Once again, our global variables. These could just as well be constants, really, except that for the demo I want the player to supply them.
(global variable (total number of people 5))
(global variable (number of knaves 2))
(number of knights $Knights)
(total number of people $Total)
(number of knaves $Knaves)
($Total minus $Knaves into $Knights)
(global variable (number of statements 8))
Now, once again, we want to build a graph with [total number of people] vertices, with the following properties:
- [number of statements] directed edges
- every vertex has at least one edge originating from it
- the graph is connected, when edge directions are ignored
But this time we’re going to come at it from the opposite direction: we’re going to generate a minimal connected graph (that is, a spanning tree), then add random edges to it, instead of starting with a maximal connected graph (a complete graph) and removing random edges.

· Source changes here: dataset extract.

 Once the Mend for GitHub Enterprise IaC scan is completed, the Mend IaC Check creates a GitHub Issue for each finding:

Since the graphs are going to be sparse, now, we can use adjacency lists instead of an adjacency matrix. In other words, our graph representation will be a list of lists of edges, with one list for each vertex.
(empty graph $G)
(total number of people $N)
($N instances of [] into $G)
(0 instances of $ into [])
($N instances of $Value into [$Value|$Tail])
($N minus 1 into $Nm1)
($Nm1 instances of $Value into $Tail)
As before, I find the way the library named these predicates deeply unintuitive, so I’m using my own.
(change entry 1 of [$|$Tail] to $Value into [$Value|$Tail])

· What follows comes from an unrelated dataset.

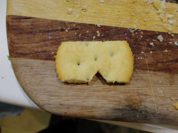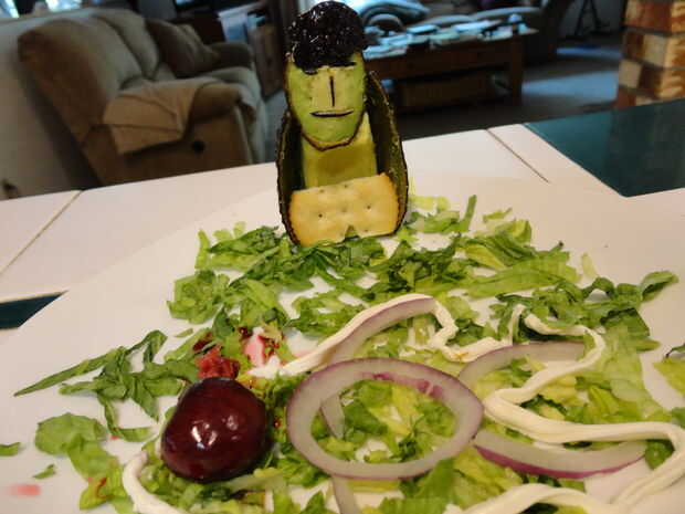 Para los pantalones, usé un cracker que corté en forma de pantalones. Tenga cuidado al cortar la galleta porque como su nombre indica, puede agrietarse. Afeite la parte inferior del cuerpo manera que esté plana y cuña las galleta pantalones entre los lados del aguacate; ajusta su posicionamiento en el aguacate para que Holmes se sostiene en pie por sí mismo. Ahora pulsa el sombrero en la cabeza y la cabeza sobre el cuerpo. Finalmente! Su acabado Holmes de aguacate! Póngalo en el plato para que vistas con escepticismo la escena del crimen.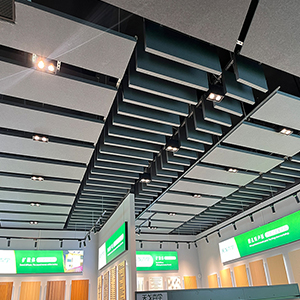 Defletores acústicos suspensos de fibra de vidro para teto de biblioteca

(change entry $N of [$Head|$Tail] to $Value into [$Head|$NewTail])
($N minus 1 into $Nm1)
(change entry $Nm1 of $Tail to $Value into $NewTail)
(entry 1 of [$Head | $] into $Head)
(entry $N of [$ | $Tail] into $Value)
($N minus 1 into $Nm1)
(entry $Nm1 of $Tail into $Value)
And some more utilities in the same vein, since Dialog doesn’t have “modify in place” as a core concept.

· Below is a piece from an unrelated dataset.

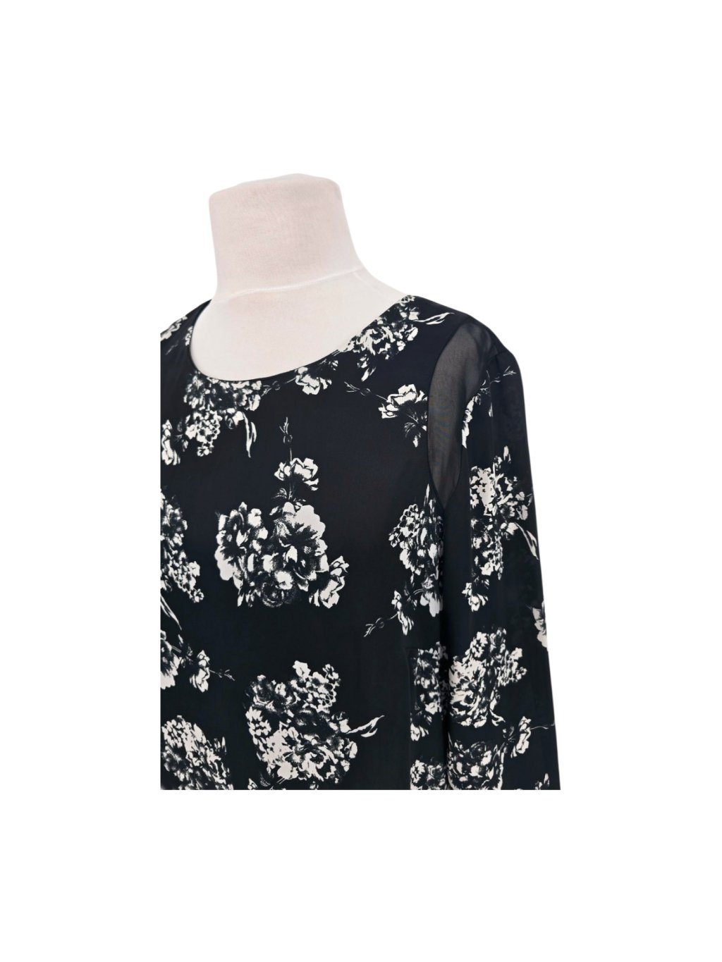 asymetrické šaty s květinovým motivem, s kosticemi na prsou

(increment entry 1 of [$Old|$Tail] into [$New|$Tail])
($Old plus 1 into $New)
(increment entry $N of [$Head|$Tail] into [$Head|$NewTail])
($N minus 1 into $Nm1)
(increment entry $Nm1 of $Tail into $NewTail)
(decrement entry 1 of [$Old|$Tail] into [$New|$Tail])
($Old minus 1 into $New)
(decrement entry $N of [$Head|$Tail] into [$Head|$NewTail])
($N minus 1 into $Nm1)
(decrement entry $Nm1 of $Tail into $NewTail)
(prepend $Value to entry 1 of [$Head|$Tail] into [ [$Value|$Head] | $Tail])
(prepend $Value to entry $N of [$Head|$Tail] into [$Head|$NewTail])
($N minus 1 into $Nm1)
(prepend $Value to entry $Nm1 of $Tail into $NewTail)
(delete $Value from entry 1 of [$Old|$Tail] into [$New|$Tail])
(delete $Value from $Old into $New)
(delete $Value from entry $N of [$Head|$Tail] into [$Head|$NewTail])
($N minus 1 into $Nm1)
(delete $Value from entry $Nm1 of $Tail into $NewTail)
%% Remove the first instance of a value from a list
(delete $Value from [$Value|$Tail] into $Tail)
(delete $Value from [$Head|$Tail] into [$Head|$NewTail])
(delete $Value from $Tail into $NewTail)
Now, how are we going to generate a random spanning tree? Turns out there’s a standard algorithm for that! Specifically, there’s a bijection between Prüfer sequences (a sequence of N-2 numbers, all between 1 and N), and undirected labelled trees (with N vertices). So all we have to do is generate a random Prüfer sequence, and we can turn it into a random tree!
(0 random values between $ and $ into [])
($N random values between $Low and $High into [$Random|$Tail])
(random from $Low to $High into $Random)
($N minus 1 into $Nm1)
($Nm1 random values between $Low and $High into $Tail)
(random Prüfer sequence $Prüfer)
(total number of people $N)
($N minus 2 into $Length)
($Length random values between 1 and $N into $Prüfer)
Fun fact: Dialog allows non-ASCII characters in its identifiers, probably because it was invented by a guy named Åkesson. (Though it doesn’t have full Unicode compatibility, because Swedish still uses the Latin alphabet.)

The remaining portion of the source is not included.